El trapicheo había sacado a la celda de su torpor matutino. Manu esperaba a que Roland terminara de asearse para levantarse. Observaba las contorsiones del torso robusto. El contacto del agua del grifo con la que se estancaba en el fondo del váter emitía un sonido terco. El choque de un agua contra la otra era el mismo en todas las celdas. Los ruidos de las escudillas también. Los ruidos de la vida se repetían en todas las celdas. Al igual que los movimientos, pues las necesidades eran también idénticas, de forma que Borelli se preguntó si había conocido otras celdas que no fueran la 11-6. De repente, sintió ganas de hablar con Jarinc. Y es que Jarinc le preocupaba mucho.

—Ayer hablabas de una liberación –dijo–. ¿Un sobreseimiento o una provisional?

—La provisional –dijo Jarinc–. El juez[1] está de acuerdo. Me estoy volviendo loco, ¿comprendes? Espera y más espera. Estoy seguro de que mi gachí está haciendo guardia delante de la puerta desde ayer.

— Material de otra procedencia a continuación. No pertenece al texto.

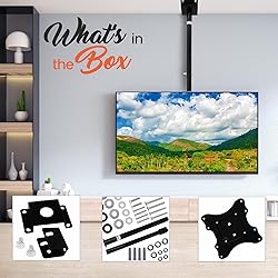 ADJUSTABLE HEIGHT: The monitor holder features a height adjustable arm from 24.6” to 34.4”. It is also tilt adjustable from -20 to +20 degrees and swivel can be adjusted up to 180 degrees providing viewing comfort even when you’re lying on the couch UNIVERSAL COMPATIBILITY 14” - 42”: Pyle brings you a universal TV mount that was designed for saving space and creating optimum viewing pleasure as it features a bracket design that mounts to ceilings. It fits any 14 to 42 inch television VESA MOUNT: Features a universal VESA Mounting Interface Standard (MIS), a set of standards for the manufacturing of flat screen televisions and PC monitors. A VESA hole pattern is measured in both horizontal and vertical distance b/w mounting holes MOUNTING HARDWARE: Includes all necessary mounting hardware and brackets for easy and hassle-free installation. The TV mount can be safely used for wooden joist ceiling and solid brick and concrete ceiling mounting SAFE AND RELIABLE: It promotes safe, durable, and reliable TV mounting and can hold up to 66 lbs load. Made to fit flat panel HDTV, LCD, LED, Plasma, Smart TVs - from brands including Samsung, JVC, Magnavox, Panasonic, Sharp, Toshiba, Vizio and more

—No es lo más prudente –dijo Geo–. Te la pueden levantar.

—Ya me extrañaba –dijo Willman– que Cassid no dijera la última palabra. Pero tío, no todas las mujeres son putas. Hay mujeres fieles.

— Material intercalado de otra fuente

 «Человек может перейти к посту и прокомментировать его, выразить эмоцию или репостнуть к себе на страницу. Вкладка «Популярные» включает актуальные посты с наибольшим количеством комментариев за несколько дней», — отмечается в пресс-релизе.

—Creo que intentas tranquilizarte –dijo Geo–. Mira, estás a tiempo de levantarte y enviar una carta.

—Mi gachí está loca por mí –dijo Jarinc–. Nunca me ha fallado. Me escribe, viene al locutorio, no falla con los paquetes; te digo que está loca por mí, estoy seguro.

Geo se estiraba. Se sentía joven y el día empezaba hablando de mujeres. Estaba tan contento que incluso se estaba planteando levantarse.

—Puede venir al locutorio y joder con quien sea –dijo–. Una cosa no quita la otra.

—Dices eso porque tu amante está en la cárcel –dijo Willman–. Así ya puedes estar tranquilo.

—¡Tranquilo! Pero tío, a lo mejor se está metiendo mano con una compañera. ¿Crees que es mejor?

—En ese caso… –dijo Willman.

—Ni en ese ni en ninguno –dijo Geo–. Lo que cuenta es la presencia. Lo sé por experiencia. Hay corazón y sexo. Y vosotros lo confundís todo. La presencia es el problema. La presencia continua del tipo que merodea, que está al acecho, que llama por teléfono, que manda flores, el tipo que está ahí, libre, con su deseo que desprende un determinado olor. Un olor que se respira; intentas quitártelo de la cabeza y vuelve. Y contra eso, tío, no se puede hacer nada, ¿ves?

—¿Y cómo explicas eso? –dijo Jarinc.